Leg sensilla have not been previously studied in water bugs. In other insects, data on leg sensilla in general are sparse, and studies have mostly focused on chemosensilla and campaniform sensilla [31,32], particularly of the tarsi [33,34,35]. However, labial and antennal sensilla have already been described in both aquatic and semi-aquatic insects [15,36,37,38,39,40,41,42], becoming a good basis for comparison. A variety of sensilla types and subtypes were described. It has been stated that while semi-aquatic bugs (Gerromorpha) have a lot in common with terrestrial insects regarding antennal sensilla types, water bugs (Nepomorpha) differ greatly from terrestrial insects, especially in terms of diverse antennal mechanosensilla [36,37,38,39,40,41].
As a first attempt to investigate potential differences in the leg sensory equipment between strictly aquatic and riparian Nepomorpha, the external leg morphologies of selected specimens from strictly aquatic Corixidae, and riparian Ochteridae and Gelastocoridae, originating from museum collections, were studied.
The research hypothesis is that, due to different environments, the leg sensilla of strictly aquatic bugs differ from the leg sensilla of riparian bugs in both morphology and number.

2. Materials and Methods

Materials were obtained from the collections of the Moravian Museum in Brno, the Natural History Museum in Prague and the Naturalis Biodiversity Center in Leiden (Netherlands) and are stored in the University of Silesia in Katowice, Institute of Biology, Biodiversity and Environmental Protection (Poland). The specimens obtained from the Naturalis Biodiversity Center in Leiden (Netherlands) are ultimately to be sent back and stored in the Naturalis Biodiversity Center. At least 2 individuals of each species were examined for this study; the sex of insects was not considered, as there were no notable intersexual differences in the sensilla types (based on preliminary studies) (Table 1). All specimens were cleaned in an ultrasonic cleaner (Polsonic, Warsaw, Poland), the legs were dissected, dried in ethanol, mounted, and then sputter-coated with gold with the use of the turbomolecular pump coater (Quorum 150 T ES plus—Quorum Technologies, Laughton, East Sussex, UK).
Both sides of the legs were observed with the use of the scanning electron microscope (Phenom XL Phenom-World BV the Netherlands) in the scanning microscopy laboratory of the Faculty of Natural Science, Institute of Biology, Biotechnology and Environmental Protection of the Silesian University in Katowice. We followed the terminology used in other papers on insects’ sensilla [26,29,36,37].
The legs of 12 species from three families were studied (Table 1).

3. Results

3.1. Gross Morphology of the First Pair of Legs

Because most of the morphological differences can be seen among the forelegs of the species studied, only these pairs of legs are compared here (Figure 1a–c).
In Corixidae (Figure 1a) and Ochteridae (Figure 1b), the coxa is elongated, and externally covered with hairs.

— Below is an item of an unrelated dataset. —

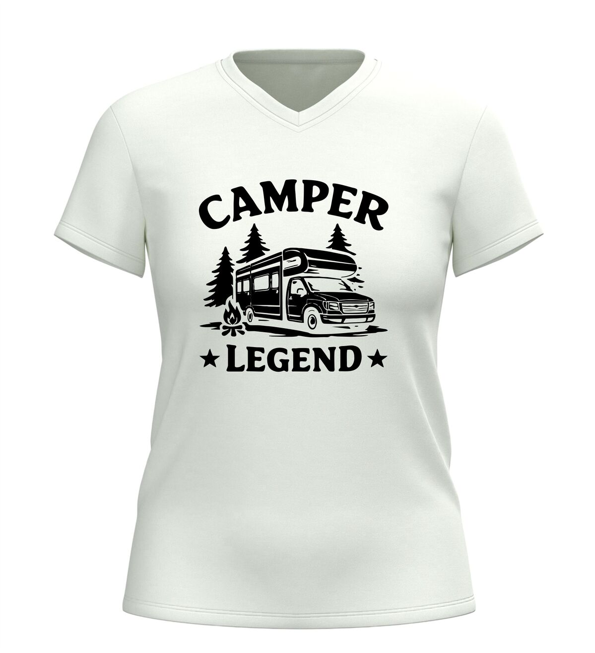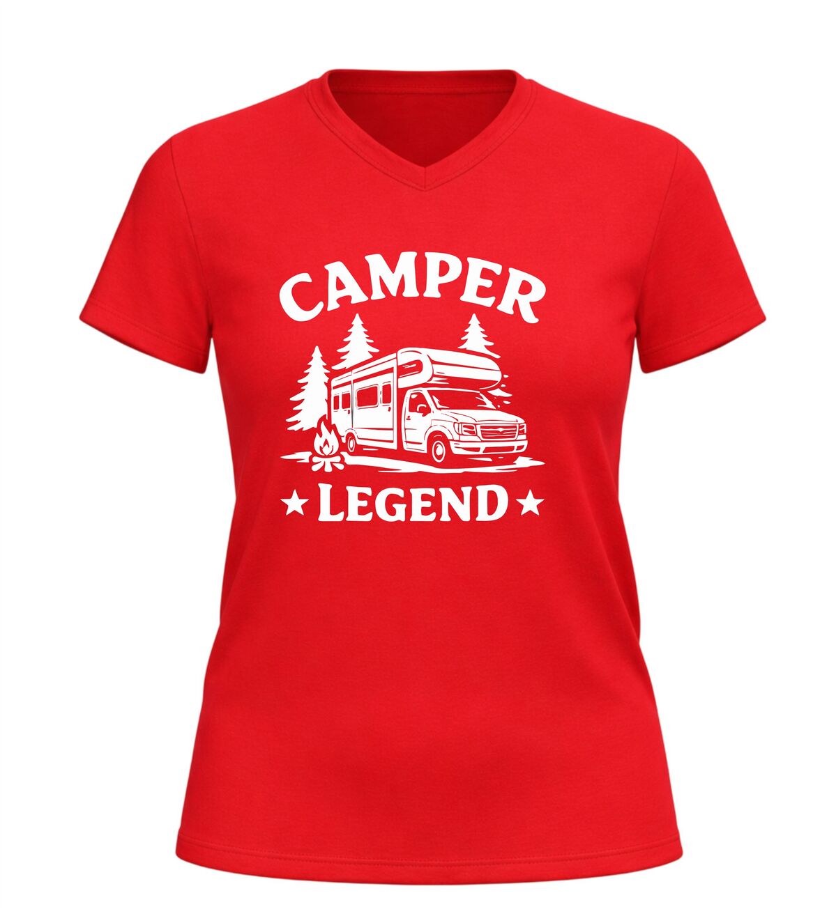 Heb je een camper? Ga dan in stijl naar de camping met dit V-hals camper legend shirt! Ook leuk om kado te geven!
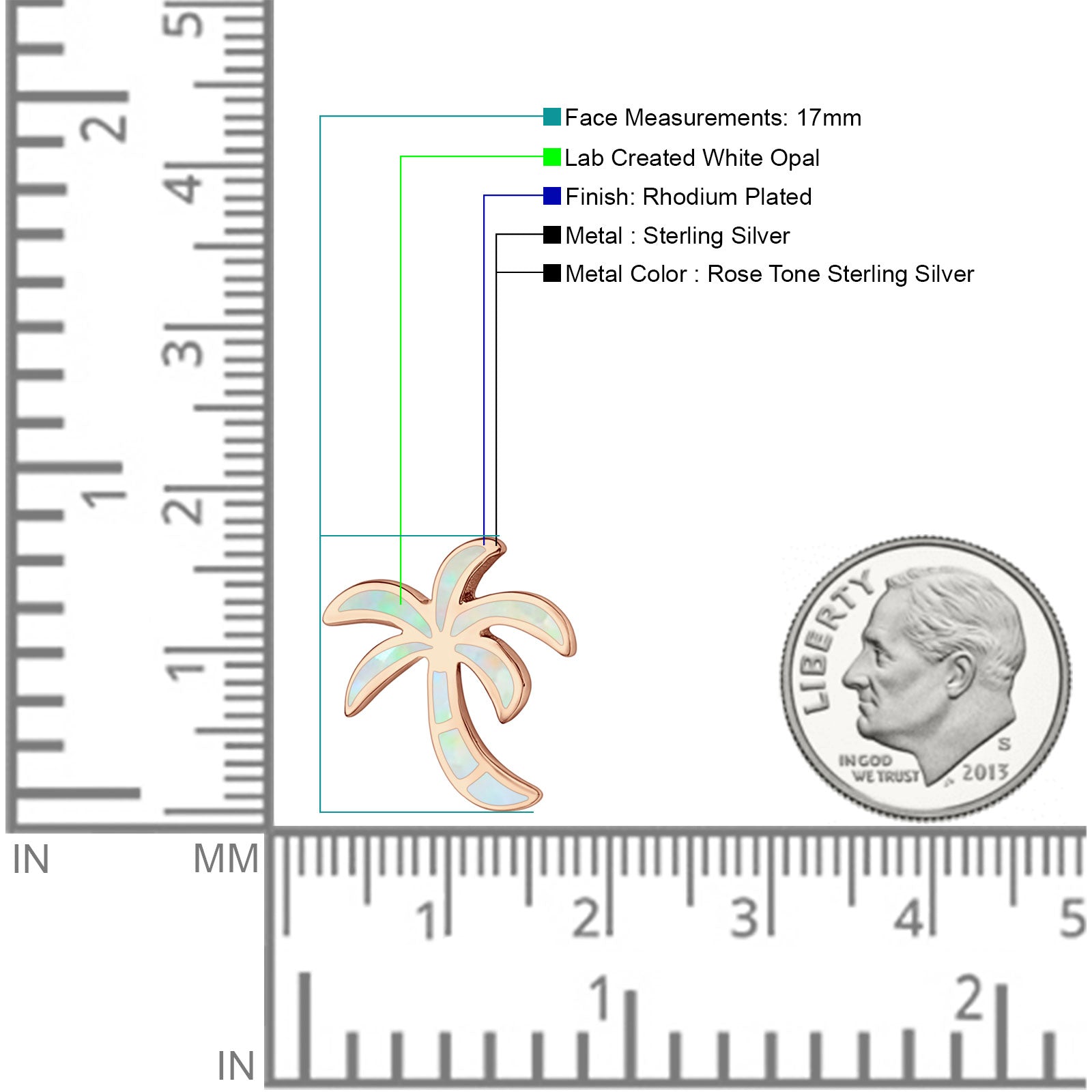 ☉ Style: Lab Created White Opal Palm Tree Pendant

On the dorsal side of the coxa an indentation is visible along 2/3 of its length, and in Corixidae (Callicorixa, Sigara), some hairs are present at the proximal part. On the other hand, in Gelastocoridae (Figure 1c) the coxa is also covered with hairs but the segment is shorter. There is a groove along the entire segment, which allows articulation of the tibia and tarsus while bending the leg. Representatives of all three families have a small grouping of thin hairs near the trochanter.
In regard to the femur, that of Nerthra (Gelastocoridae) is enlarged, and covered with brush-like hairs. Gelastocoris also has a broadened femur, with some thin hairs, and a distinctive group of hairs medially. The bottom part of the femur, from both ventral and dorsal sides, has two visible rows of thick pegs (cuticular appendages for better grasping during hunting). These pegs are also present on the femur of Nerthra species. Ochterus species (Ochteridae) have an elongate femur covered almost entirely with thin hairs. There is a structure resembling a comb on the dorsal side of the femur, but denser than that seen in Gelastocoris species, with three rows of thick, short hairs. Towards the end of the segment, the structure changes into loosely arranged hairs.
The most distinctive surface on the femur was observed among species of Corixidae. The dorsal surface of this segment has a triangular patch covered with hairs and circular areas without hair. The proximal part of the femur is also covered with the same sensilla as noted above on the coxa. Anterobasally, there are specialized stridulatory pegs: pars stridens. These structures are hair-like pegs that have a broadened base in males but are narrow in females. Beyond the indentation, the femur has a smooth surface with only a few hairs. The same segment on the ventral side is also partly covered with hairs, but also includes rounded fields without hairs.
The tibia in Corixidae is short, slightly bent and folded, and has a rather smooth surface. A few long, thin hairs grow out of this segment and reach the tarsus. In Ochteridae, the tibia is a long segment, covered with medium-length hairs, some of them flattened (closer ventral side), some thick and sharpened (closer dorsal side). Gelastocoridae species have a short tibia with a few hairs in Nerthra, while in Gelastocoris there are many hairs. Analyzing the ventral side of the tibia in Gelastocoris, there are some grouped hairs, probably to connect with hairs present at the dorsal side of the femur. Pegs are present, of the same type as seen on the femur in both genera, Gelastocoris and Nerthra.
The tarsus is most distinctive in the Corixidae. In this family, it is one-segmented and forms the pala. This spoon-like segment is covered with long hairs at its edges. The dorsal side has only a few long hairs and a rather smooth surface, while the ventral cavity/inner surface is full of shorter, thin hairs. The tarsus terminates in the pretarsus in the form of a sharpened claw, which has a serrated edge. The ventral side of the pala has various numbers and combinations of short pegs, which are characteristic features for male recognition. Gelastocoridae also possess a one-segmented, slim and elongated tarsus end in one claw, while in Ochteridae a two-segmented tarsus, with two claws, is present.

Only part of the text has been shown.